Потом звонок звенит еще шесть раз, заканчиваются еще шесть уроков. К концу дня с тебя семь раз сдергивают хиджаб, из них четыре раза — на первой же перемене, а в очереди в столовую Тейлор Брайане дважды наступает тебе на ногу. После школы тебя окружает стайка восьмиклассниц, перезрелые дылды в лифчиках, все пялятся и дергают тебя за шарф. За этот день ты успела передумать насчет хиджаба. Ты будешь его носить. Любой ценой. Ярость клокочет в твоих венах как кипящая лава, подбородок высоко поднят, лицо исполнено самообладания и спокойствия, а на место былой неуверенности приходит новорожденная гордость.
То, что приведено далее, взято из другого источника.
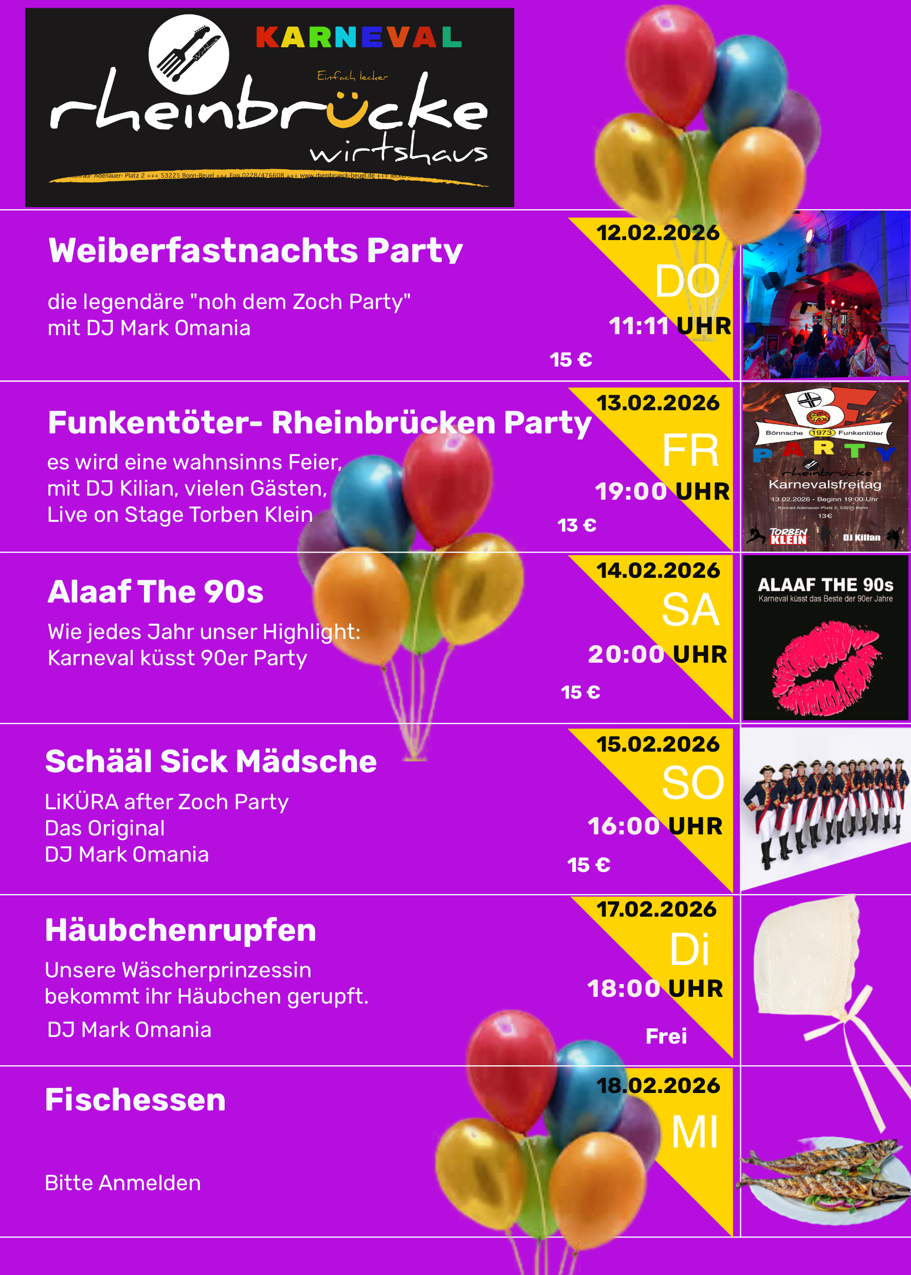 Geselligkeit und gute Laune unter netten Menschen – und das nicht nur in der Karnevalszeit. Musikalische Gastauftritte, Lesungen und Comedyabende runden das Veranstaltungsprogramm ab.

Я буду носить его, думаешь ты, во что бы то ни стало.
И все-таки дома ты плачешь, уткнувшись в мамино сари, и кричишь на нее, как будто она одна из тех безжалостных обидчиков.
— Я самая обычная, — подвываешь ты. — И всегда такой была!
— Ну что ты, маленькая моя, перестань, шшшш, все будет хорошо, — говорит мама. И замечает, что, может быть, сейчас не самый удачный момент, чтобы начать ходить в хиджабе. Она говорит, что можно прекрасно обойтись и без него, что ты можешь снять его и забыть. Она повторяет все это, да, но сама носит строго сколотый под подбородком хиджаб постоянно. Она гладит тебя, но ее заверения имеют обратный эффект.
В тот вечер перед сном ты размышляешь о своем брате, о том, каково ему. Ты в ванной, смотришься в зеркало и накидываешь хиджаб на волосы, и тут же, словно бы по волшебству, превращаешься в женщину. Словно бы по волшебству все твои обязанности и роли смещаются и заостряются.
Тебе сложно вдвойне. Тебе нет покоя в своей собственной стране, тебя дергают за волосы. Но и в Индии ты — открытая мишень, в глаза сразу бросаются твои по-американски ухоженные ножки, маленький рюкзачок «Найк», ты — объект ненависти. Со всех сторон тебя окружают гнев, и зависть, и опасность. Ты — объект ненависти. Ты испорченная. Легкая добыча. Маленькая девчонка. А в мире есть столько всего, и все это — к твоим услугам.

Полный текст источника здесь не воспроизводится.